Records from a dataset:
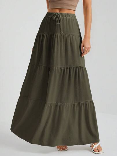 SHEIN Tall 白色梭织女式大下摆白色衬里半身裙,适合度假和外出穿着 - 橄欖綠 - 查看 1
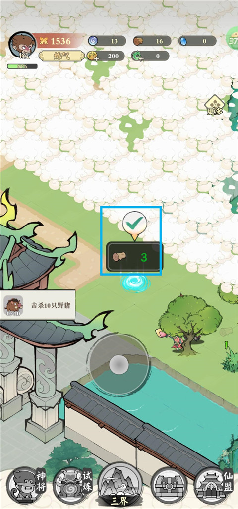 3、该前方的路被迷雾阻挡,用3根灵木即可驱散。
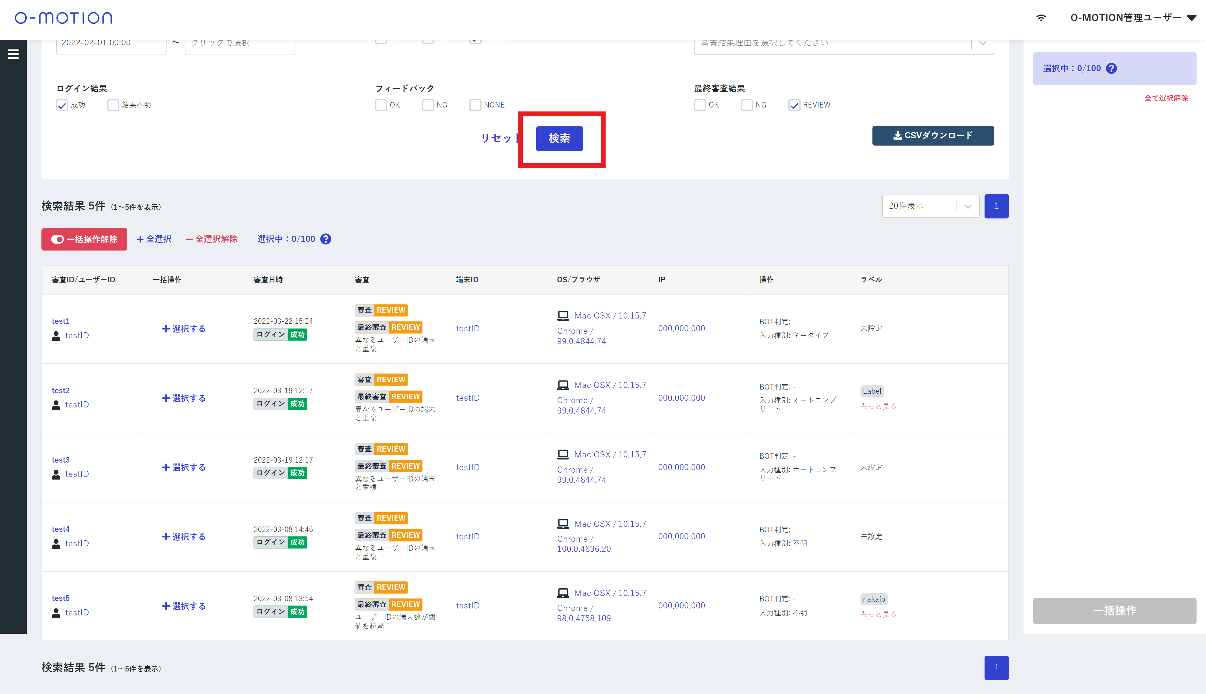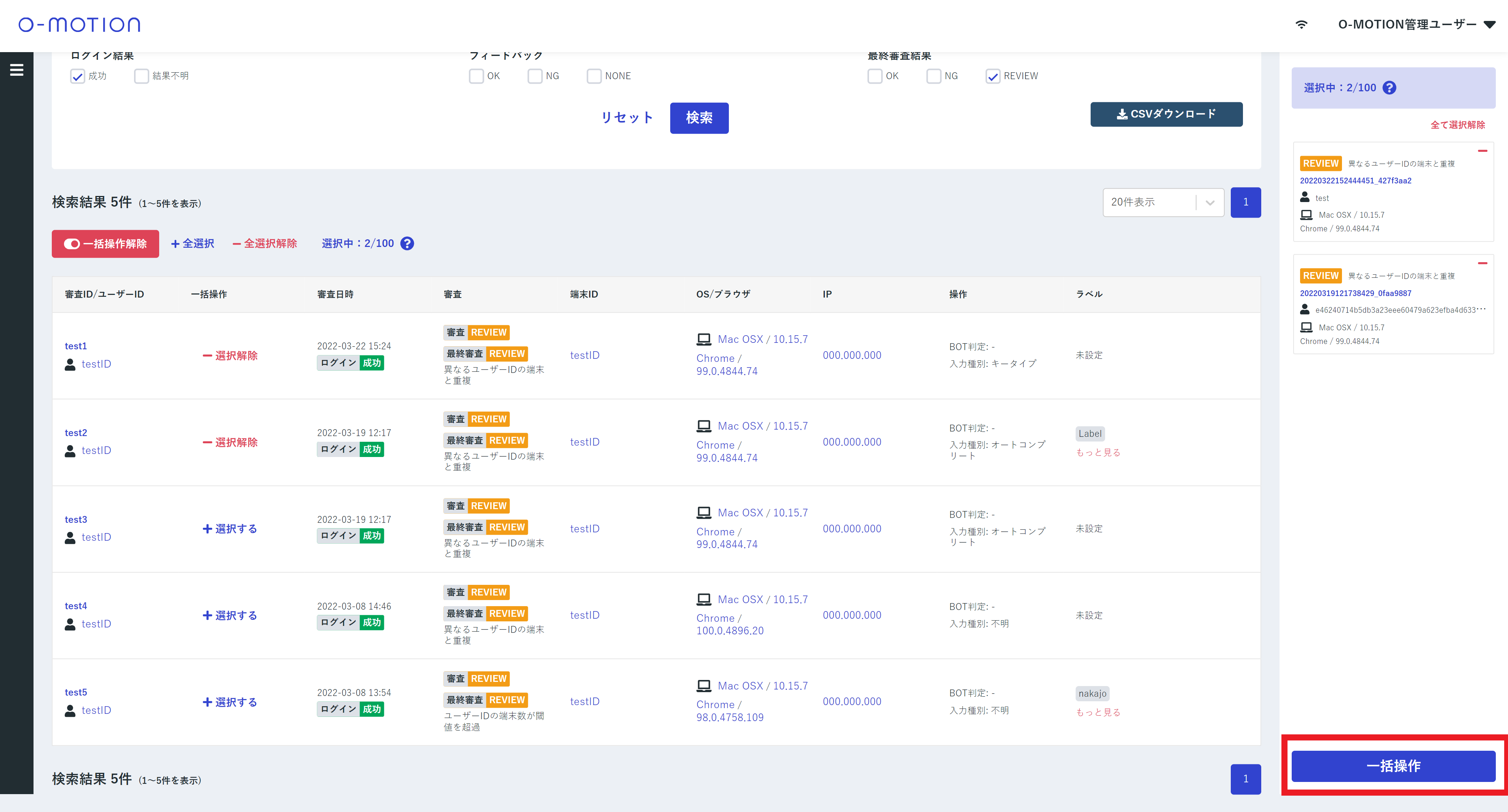今回の場合はログインが成功したREVIEW審査で一括操作の対象に選択した審査すべてがOKにフィードバックされ、最終審査結果がOKになります。
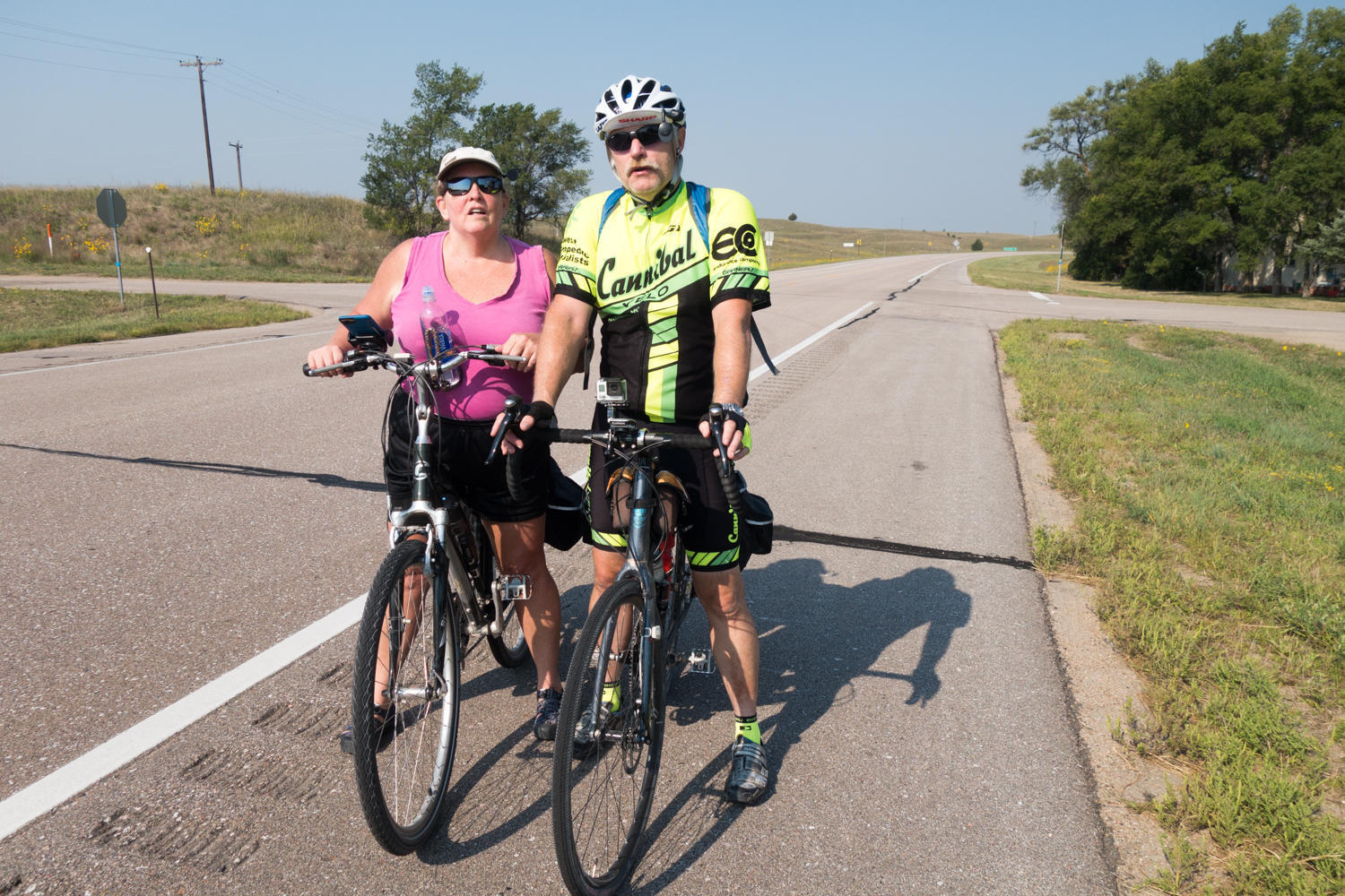 Just as we are disappointed to find the Woodlake Cafe out of business, two cyclists come riding towards us. Steve and Lisa from Missouri are riding a couple of days down the Cowboy Trail, but just like us decided to avoid the loose gravel and goatheads on the trail itself.
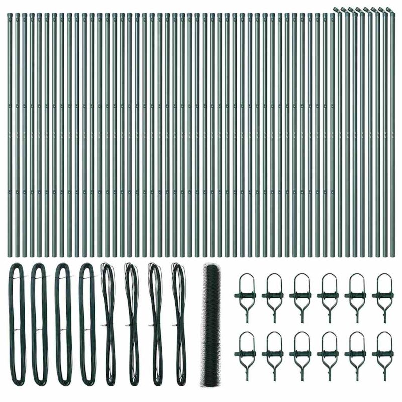 Стълб за ограда. Зелен 100 x 1 м (36 мм мрежа) Стомана и PVC
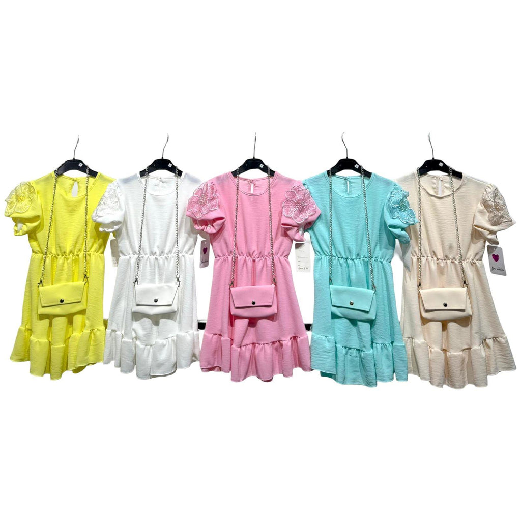 TTC JUNE Girls Flower And Pearl Detail Dress With Matching Bag
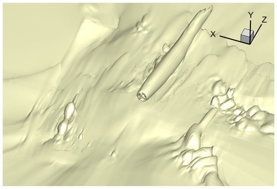 Iso-surface of vorticity for the actuator line large-eddy simulation of wind turbine 14 without synthetic inflow turbulence for 7 m/s wind speed and 180 degrees wind direction (south to north). The domain shown is the same as in Figure 4b.
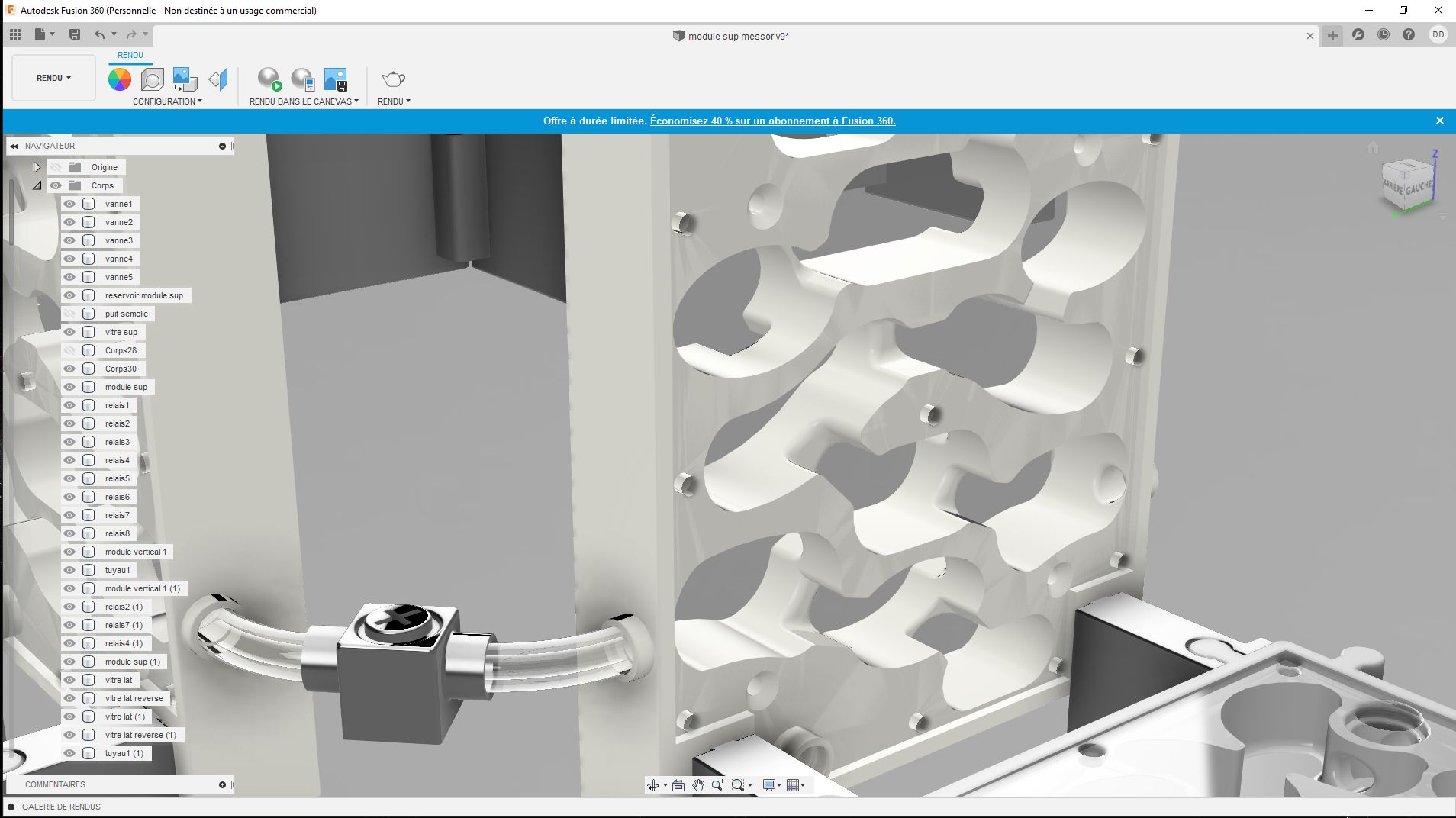 Bonjour à tous, Ayant envie de m'y remettre, et en ayant pioché pas mal d'idées à droite et à gauche comme le système de mèche et de réservoir, ainsi que les portes/vannes, j'ai ressorti fusion 360 du placard. Je n'ai plus de colonie (mes Messor barbarus et leur biorama ont été offertes à l'école de...
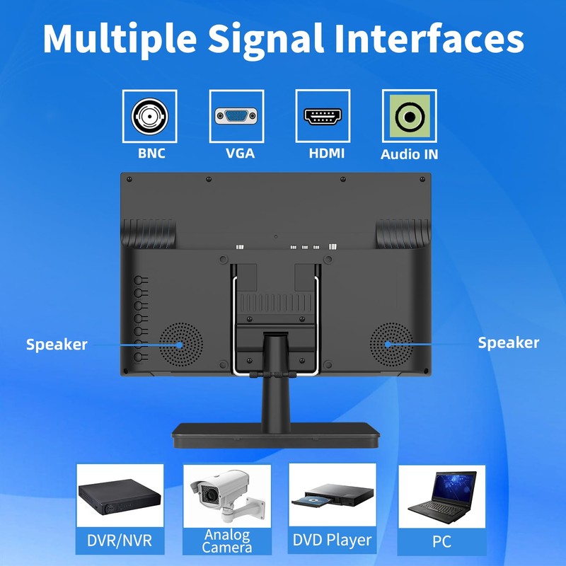 Jexiop 12.5 inch Security Monitor,Small Monitor with Speaker,Remote Control/HDMI/VGA/BNC/RCA Interfaces in for Home | Office | Warehouse Surveillance | RV
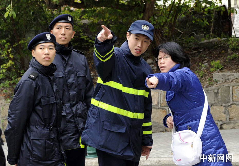 澳門凼仔警察悉心為民眾答疑。中新社記者 廖攀 攝
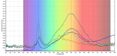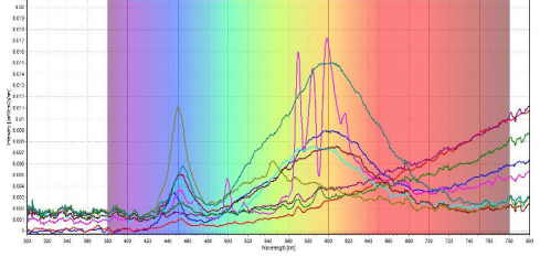 白熾燈樣品在近紅外區域呈指數增長,而LED燈樣品在該區域的斜率接近零。此外,LED燈樣品在可見光范圍內顯示出一些特定波長峰,這歸因于LED燈的特定顏色波長。
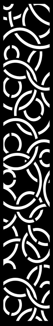 The image displays a vertical panel featuring a complex, continuous Celtic Knot Pattern in white against a solid black background. The design consists of thick, interwoven curved lines and partial circular segments that flow seamlessly, creating an intricate, abstract network without clear start or end points within the visible area. The white lines appear to pass over and under each other, giving the illusion of depth and a three-dimensional knot.
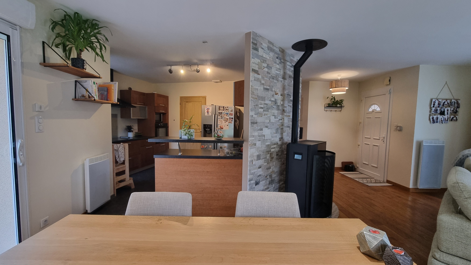 Toutes les huisseries en PVC double vitrage, le poêle à granulé est récent ainsi que les radiateurs du coin nuit et le chauffe eau thermodynamique. La rénovation énergétique est complète avec des panneaux photovoltaïques ce qui est un atout pour cette maison en plus de son environnement. Une vue dégagée et la tranquillité sont au rendez-vous sur cette maison.
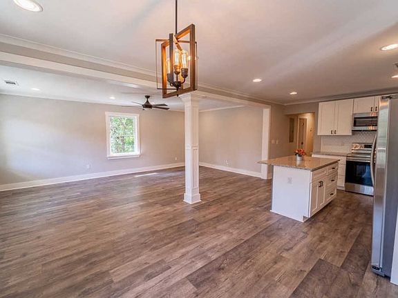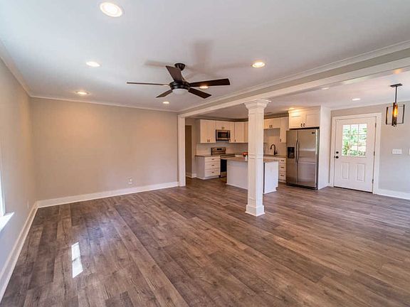 Lovely fully renovated farmhouse! Come and check out this gorgeous 4 bedroom home. It's ready for a new homeowner! Huge covered front porch with a fan; Perfect for entertaining! Beautiful flooring throughout and carpet in the bedrooms. Open concept with granite kitchen counter tops, beautiful kitchen cabinets, with soft pull drawers, stainless steel steel appliances. The master bedroom features a farmhouse sliding door that leads to the master bath, fully renovated bathrooms with granite counters.
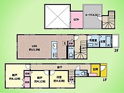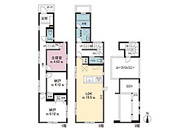 | 間取り | 1SLDK(ロフト付き) 間取り内訳:洋室 4.6帖(1階)・収納 6.1帖(1階)・収納 4.1帖(1階)・リビングダイニングキッチン 15.5帖(2階) |

- _TASK BRIEF_:
Make an exact copy of the data, leaving its pictures out.

- _ANSWER BOX_:
 SHEIN Tall 白色梭织女式大下摆白色衬里半身裙,适合度假和外出穿着 - 橄欖綠 - 查看 1
 3、该前方的路被迷雾阻挡,用3根灵木即可驱散。
今回の場合はログインが成功したREVIEW審査で一括操作の対象に選択した審査すべてがOKにフィードバックされ、最終審査結果がOKになります。
 Just as we are disappointed to find the Woodlake Cafe out of business, two cyclists come riding towards us. Steve and Lisa from Missouri are riding a couple of days down the Cowboy Trail, but just like us decided to avoid the loose gravel and goatheads on the trail itself.
 Стълб за ограда. Зелен 100 x 1 м (36 мм мрежа) Стомана и PVC
 TTC JUNE Girls Flower And Pearl Detail Dress With Matching Bag
 Iso-surface of vorticity for the actuator line large-eddy simulation of wind turbine 14 without synthetic inflow turbulence for 7 m/s wind speed and 180 degrees wind direction (south to north). The domain shown is the same as in Figure 4b.
 Bonjour à tous, Ayant envie de m'y remettre, et en ayant pioché pas mal d'idées à droite et à gauche comme le système de mèche et de réservoir, ainsi que les portes/vannes, j'ai ressorti fusion 360 du placard. Je n'ai plus de colonie (mes Messor barbarus et leur biorama ont été offertes à l'école de...
 Jexiop 12.5 inch Security Monitor,Small Monitor with Speaker,Remote Control/HDMI/VGA/BNC/RCA Interfaces in for Home | Office | Warehouse Surveillance | RV
 澳門凼仔警察悉心為民眾答疑。中新社記者 廖攀 攝
 白熾燈樣品在近紅外區域呈指數增長,而LED燈樣品在該區域的斜率接近零。此外,LED燈樣品在可見光范圍內顯示出一些特定波長峰,這歸因于LED燈的特定顏色波長。
 The image displays a vertical panel featuring a complex, continuous Celtic Knot Pattern in white against a solid black background. The design consists of thick, interwoven curved lines and partial circular segments that flow seamlessly, creating an intricate, abstract network without clear start or end points within the visible area. The white lines appear to pass over and under each other, giving the illusion of depth and a three-dimensional knot.
 Toutes les huisseries en PVC double vitrage, le poêle à granulé est récent ainsi que les radiateurs du coin nuit et le chauffe eau thermodynamique. La rénovation énergétique est complète avec des panneaux photovoltaïques ce qui est un atout pour cette maison en plus de son environnement. Une vue dégagée et la tranquillité sont au rendez-vous sur cette maison.
 Lovely fully renovated farmhouse! Come and check out this gorgeous 4 bedroom home. It's ready for a new homeowner! Huge covered front porch with a fan; Perfect for entertaining! Beautiful flooring throughout and carpet in the bedrooms. Open concept with granite kitchen counter tops, beautiful kitchen cabinets, with soft pull drawers, stainless steel steel appliances. The master bedroom features a farmhouse sliding door that leads to the master bath, fully renovated bathrooms with granite counters.
 | 間取り | 1SLDK(ロフト付き) 間取り内訳:洋室 4.6帖(1階)・収納 6.1帖(1階)・収納 4.1帖(1階)・リビングダイニングキッチン 15.5帖(2階) |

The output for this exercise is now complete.